In March, I focused on submitting my writing for publication and applying for writing residencies, which was exciting but also anxiety-inducing. Although I received a rejection from Brevity for one of my pieces, I still have a few pending for review with them. Additionally, I started applying for writing residencies to polish my manuscript and make it submission-ready. A rejection letter from Brevity is pictured at the bottom of this page.
In my Grub Street Writing to Heal class, one of my classmates shared that she was a finalist for the Terry Tempest Williams Prize for Creative Nonfiction at the North American Review (YAY Esi!). I was excited because she's a brilliant writer,  and the world needs to see more of her writing. But,  her victory felt personal to me. As a part of my writing community, she’s given me feedback like, "I think this piece is publishing-ready." Without encouragement like this, I don't know if I would have had the courage to start putting more of my work out for publication. Seeing members of my community succeed gives me hope that I will too if I keep working.
This brings me to my topic for this month: feedback. My hot take is that it's overhyped.. When I entered graduate school at Harvard, we read an article called "Thank you for the feedback," which urged us to be hungry for feedback. However, this  led me straight into a toxic job where, after telling my boss that I was "always open to feedback," she gave me feedback that my shirt was too low cut and that "wearing my hair in a ponytail was not professional because it made it look like I just came from the gym." I went into the bathroom and cried, and then I quit that job less than three months later.

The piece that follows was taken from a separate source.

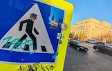 Виды Казани. Жанровая фотография. Дорожный знак "пешеходный переход" на фоне здания Татарского театра оперы и балета имени Мусы Джалиля.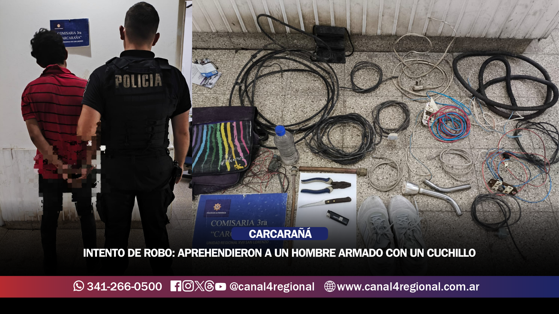 Durante el procedimiento, los agentes le realizaron un chequeo preventivo y hallaron oculto entre sus prendas un cuchillo de aproximadamente 10 centímetros de hoja, el cual fue secuestrado. Además, llevaba un bolso negro que contenía una pinza de trabajo, caños de bronce con tuercas, partes de un flotador de mochila de inodoro, una botella de alcohol, un encendedor, caños cromados de ducha, tomacorrientes, varios rollos de cables y un par de zapatillas.

Getting good feedback requires knowing what we need and creating boundaries. If we ask the wrong people for feedback or are unclear about what feedback is useful for us, then feedback can be hurtful or even damaging. At 27, I had not been prepared to tell that boss, “I am looking for feedback that will level up my project management skills,” and so she unhelpfully gave me wildly inappropriate fashion advice. But at 32, in my writing I am able to be specific, I can articulate if I am looking for help with a scene, or with overall structure. In writing, unhelpful feedback can sound like "You won't make money off your book even if you sell it," or "I think you should change this to something that I would like more, which is this.” I still get these comments sometimes, but I get them less because I have a community that I respect, and to whom I am able to articulate the specific feedback I am looking for.